• Work to complete:
While leaving the pictures out, set down only the lines from the one with "customer referrals. Boost" through the end of the records, exactly as they stand.

##########

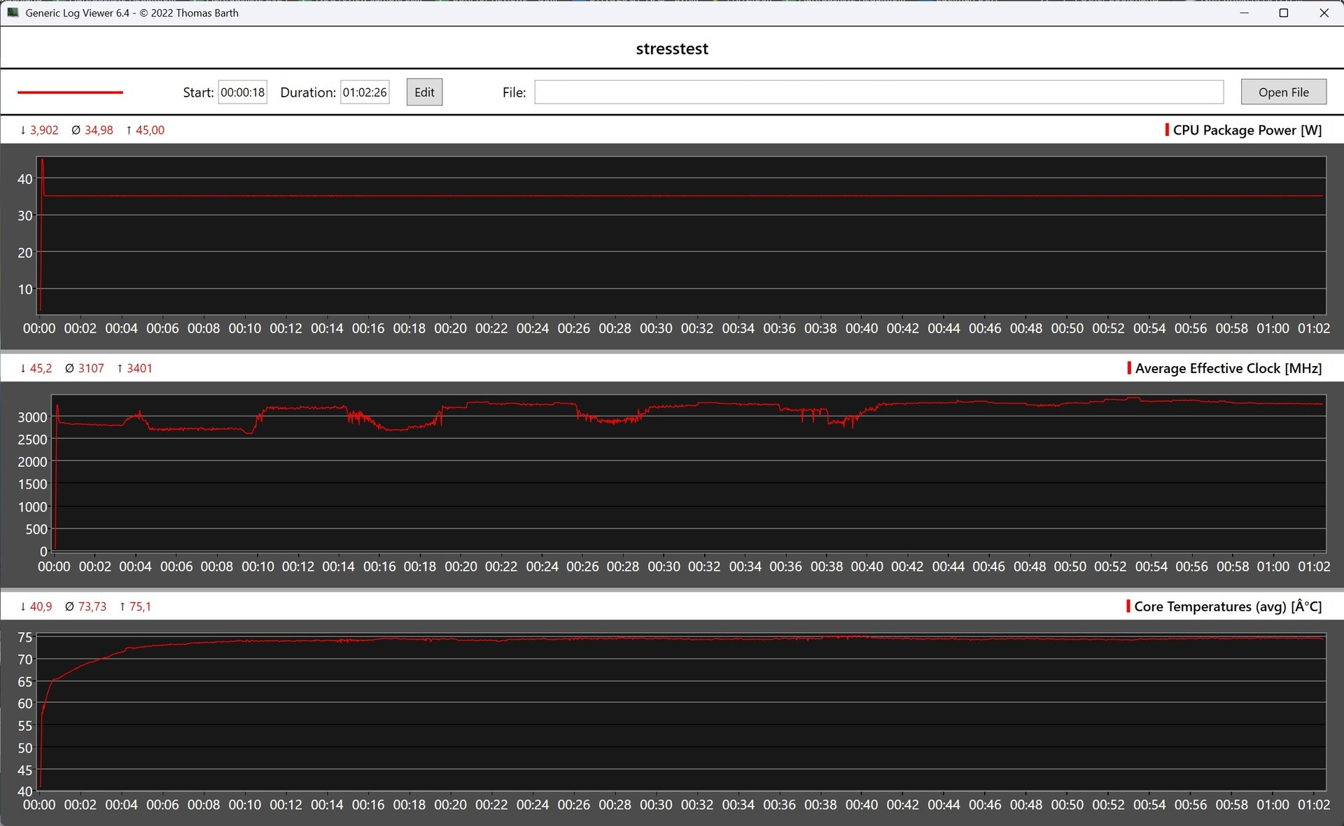 Il case di Sapphire Edge AI non dà nell'occhio sia in modalità idle che sotto carico. La parte superiore si riscalda leggermente di più rispetto alle altre aree, a causa del collegamento passivo dell'SSD. Nel test di stress, il Ryzen AI 9 HX 370 raggiunge brevemente circa 75 C, ma questo non è critico. I dati di telemetria mostrano che il sistema di raffreddamento può facilmente mantenere il TDP di 35 watt applicato in modo permanente.
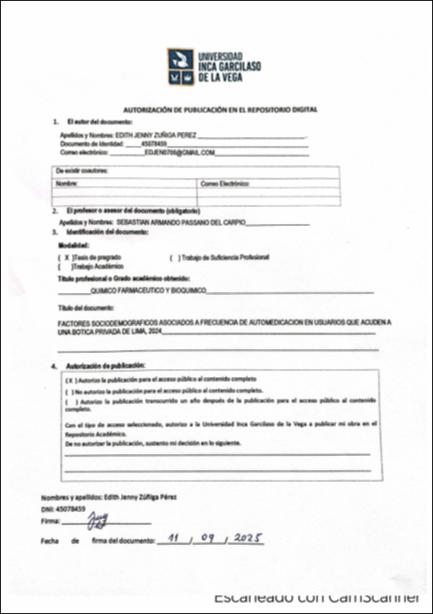 Factores sociodemográficos asociados a frecuencia de automedicación en usuarios que acuden a una botica privada de Lima, 2024
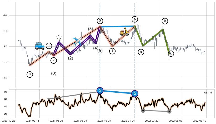 ➣ a,c调整浪MACD, RSI, KDJ走势都【未出现】背离,abc走势延续, 5浪反转概率增强
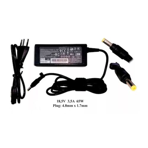 FONTE CARREGADOR PARA NOTEBOOK HP - COMPAQ 18,5V 3.5A - 65W *PLUG AMARELO*   Entrada AC: 100-240V,50-60Hz Saida: DC 18.5V 3.5A - Bivolt Potencia: 65W - Plug amarelo Medidas do Conector: 4.8* 1.7mm MARCA DA FONTE NBC PART NUMBER CO1512   GARANTIA 3 MESES   Serve nos modelos de notebook HP / Compaq: Compaq Armada Series: 110 110s E300 E500 E500s E700 M300 M500 - M700 V300 Compaq 530 510 615 6720s     Compaq Evo Series Compaq Presario 2200 Series Compaq Presario 2800 Series Compaq Presario B1000 B2000 B3000 Series Compaq Presario C300 Series Compaq Presario C500 Series Compaq Presario C700 Series Compaq Presario F700 Series Compaq Presario F500 Series   HP Compaq Business Notebooks Compaq Presario M2000 Series Compaq Presario V1000 Series Compaq Presario V2000 Series Compaq Presario V2100 Series Compaq Presario V2200 Series Compaq Presario V2300 Series Compaq Presario V2400 Series Compaq Presario V2500 Series Compaq Presario V2600 Series Compaq Presario V2700 Series Compaq Presario V3000 Series Compaq Presario V3100 Series Compaq Presario V3200 Series Compaq Presario V3300 Series Compaq Presario V3400 Series Compaq Presario V3500 Series Compaq Presario V4000 Series Compaq Presario V5000 Series Compaq Presario V6000 Series Compaq Presario V6100 Series Compaq Presario V6200 Series Compaq Presario V6300 Series Compaq Presario V6400 Series Compaq Presario V6500 Series   HP Pavilion DV1000 Series HP Pavilion DV1100 Series HP Pavilion DV1200 Series HP Pavilion DV1300 Series HP Pavilion DV1400 Series HP Pavilion DV1500 Series HP Pavilion DV1600 Series HP Pavilion DV1700 Series HP Pavilion DV2000 Series HP Pavilion DV2100 Series HP Pavilion DV2200 Series HP Pavilion DV2300 Series HP Pavilion DV4000 Series HP Pavilion DV4100 Series HP Pavilion DV4200 Series HP Pavilion DV4300 Series HP Pavilion DV4400 Series HP Pavilion DV5000 Series HP Pavilion DV5100 Series HP Pavilion DV5200 Series HP Pavilion DV6000 Series HP Pavilion DV8000 Series
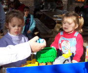 Erin gives away the stick after hitting the pinata....she then played with her caldron....Daphne gets in some hits.
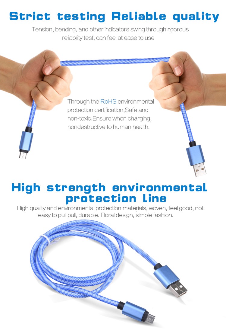 Hotselling Samrtphone Micro USB Cable, High Speed Nylon Braided Micro USB Cable/
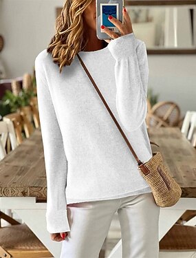 Жен. Вязаная ткань Пуловер Элегантный стиль Мода Симпатичные Стиль Сплошной цвет Вырез под горло Трикотаж Длинный рукав Обычные топы Вязать на открытом воздухе Дом Офис Черный Белый Осень Зима
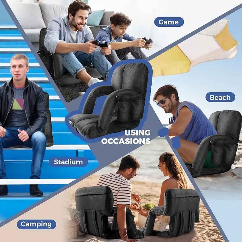 Asientos de estadio anchos para gradas con soporte de espalda, extra gruesos, asientos de estadio de tamaño grande con respaldo y cojín ancho, silla de estadio de 6 posiciones reclinables
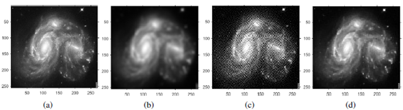 En la imagen figura 4 (d) se observa que al regularizar la norma y su derivada se evita la aparición del ruido artificial que se aprecia en la imagen que no fue regularizada (figura 4 (c)), esto permite recuperar zonas que verdaderamente son homogéneas, al igual que el caso anterior. Sin embargo, dada la naturaleza de la imagen, en la que se presentan varios detalles que pueden ser interpretados como ruido (los puntos blancos que son polvo estelar o estrellas), es necesario regularizar menos la derivada de la solución para no eliminarlos. En este ejemplo, se observa que es indispensable un compromiso entre la cantidad de ruido admisible y la cantidad de detalles permitidos que puedan parecer ruido, esto se refleja en la selección de los parámetros de regularización α y γ.
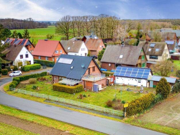 Die umliegende Landschaft mit ihren Wäldern, Wiesen und Flüssen lädt zu Spaziergängen und Fahrradtouren ein und bietet höchsten Erholungswert – perfekt für naturverbundene Hauskäufer.
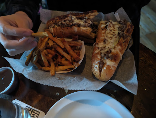 My firebird turned out to be an excellent choice. This cheesesteak comes with jalapenos, bacon, and a habanero cheese that gave an awesome kick. Wow! The 1/2 lb bacon burger looks small but is A LOT of burger and was tasty. The French onion was a unique take on a cheesesteak and came with a cup of jus on the side to dip. Nice touch. The pulled pork was slow cooked and full of BBQ flavor without being oversauced.
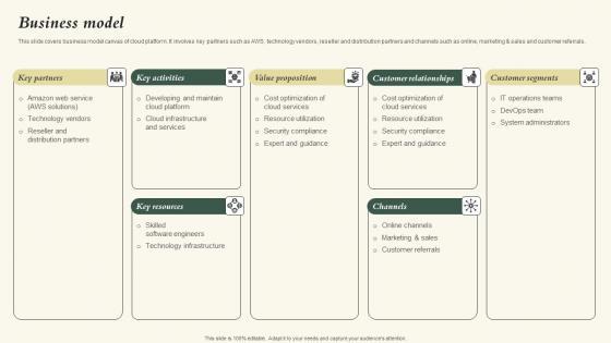 This slide covers business model canvas of cloud platform. It involves key partners such as AWS, technology vendors, reseller and distribution partners and channels such as online, marketing and sales and customer referrals. Boost your pitch with our creative Business Model Nubity Capital Funding Pitch Deck Summary Pdf. Deliver an awe-inspiring pitch that will mesmerize everyone. Using these presentation templates you will surely catch everyones attention. You can browse the ppts collection on our website. We have researchers who are experts at creating the right content for the templates. So you do not have to invest time in any additional work. Just grab the template now and use them. This slide covers business model canvas of cloud platform. It involves key partners such as AWS, technology vendors, reseller and distribution partners and channels such as online, marketing and sales and customer referrals.
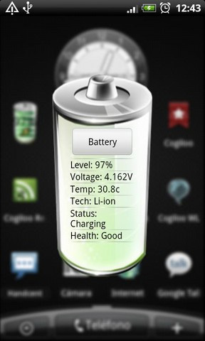 7. Cogiloo Battery Das 1×1 große Widget Cogiloo Battery zeigt den prozentualen Wert des aktuellen Akkuladestandes an. Ein Fingertipp auf das Widget öffnet weitere Informationen zu Spannung, Temperatur, Art und Zustand des Akkus. Das Cogiloo steht kostenlos im Android Market zum Download bereit.
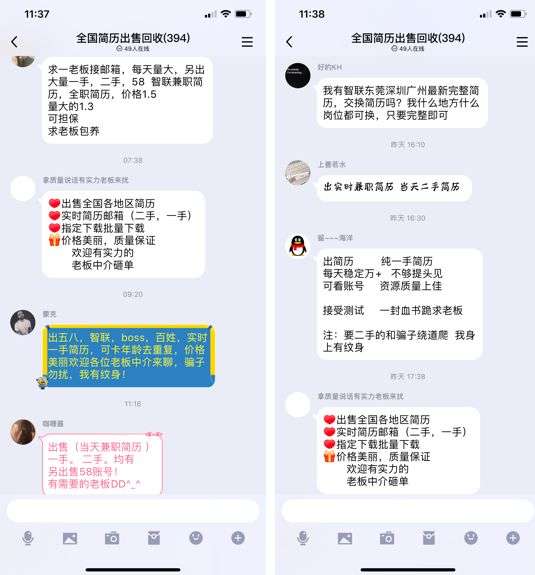 并且,简历也只是获取信息的其中一种方式,在 QQ 群里潜伏了一段时间后,我发现个人信息的交易超乎了我的想象。
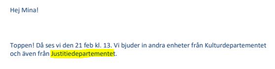 Ämnet som ska ha diskuterats är, enligt Modée, #jagärhär:s arbete mot hot och hat på Facebook. Förutom personal på Kulturdepartementet bjöds även in tjänstemän från Justitiedepartementet – närmare bestämt från Straffrättsenheten och Kriminalpolitiska enheten:
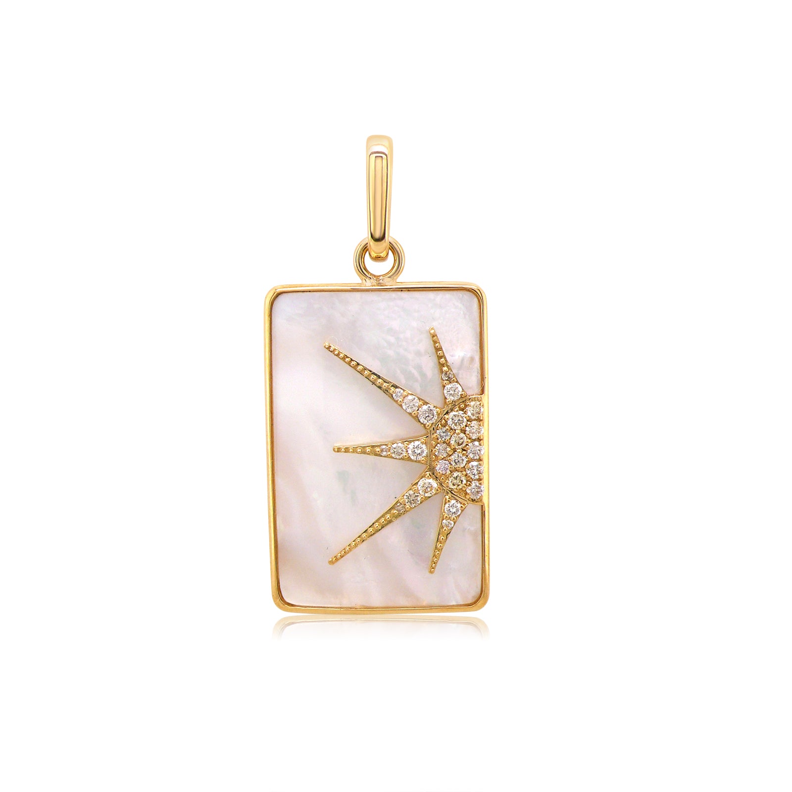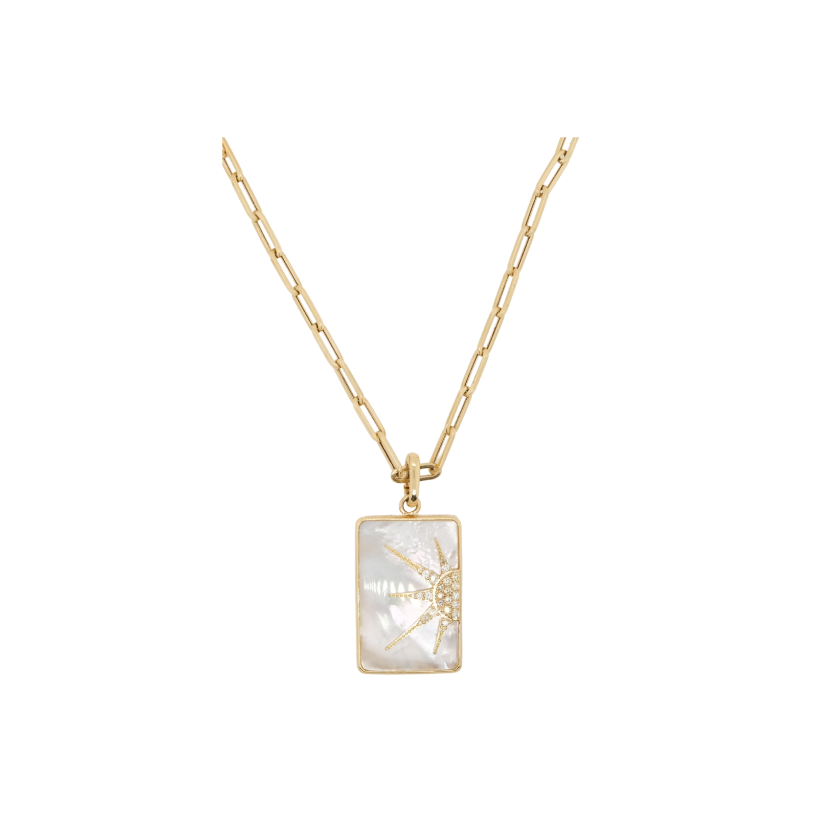 A radiant sun captured in shimmering mother of pearl. The Sol Necklace is a golden charm of light, warmth, and endless energy.

##########

• Answer for the task:
 This slide covers business model canvas of cloud platform. It involves key partners such as AWS, technology vendors, reseller and distribution partners and channels such as online, marketing and sales and customer referrals. Boost your pitch with our creative Business Model Nubity Capital Funding Pitch Deck Summary Pdf. Deliver an awe-inspiring pitch that will mesmerize everyone. Using these presentation templates you will surely catch everyones attention. You can browse the ppts collection on our website. We have researchers who are experts at creating the right content for the templates. So you do not have to invest time in any additional work. Just grab the template now and use them. This slide covers business model canvas of cloud platform. It involves key partners such as AWS, technology vendors, reseller and distribution partners and channels such as online, marketing and sales and customer referrals.
 7. Cogiloo Battery Das 1×1 große Widget Cogiloo Battery zeigt den prozentualen Wert des aktuellen Akkuladestandes an. Ein Fingertipp auf das Widget öffnet weitere Informationen zu Spannung, Temperatur, Art und Zustand des Akkus. Das Cogiloo steht kostenlos im Android Market zum Download bereit.
 并且,简历也只是获取信息的其中一种方式,在 QQ 群里潜伏了一段时间后,我发现个人信息的交易超乎了我的想象。
 Ämnet som ska ha diskuterats är, enligt Modée, #jagärhär:s arbete mot hot och hat på Facebook. Förutom personal på Kulturdepartementet bjöds även in tjänstemän från Justitiedepartementet – närmare bestämt från Straffrättsenheten och Kriminalpolitiska enheten:
 A radiant sun captured in shimmering mother of pearl. The Sol Necklace is a golden charm of light, warmth, and endless energy.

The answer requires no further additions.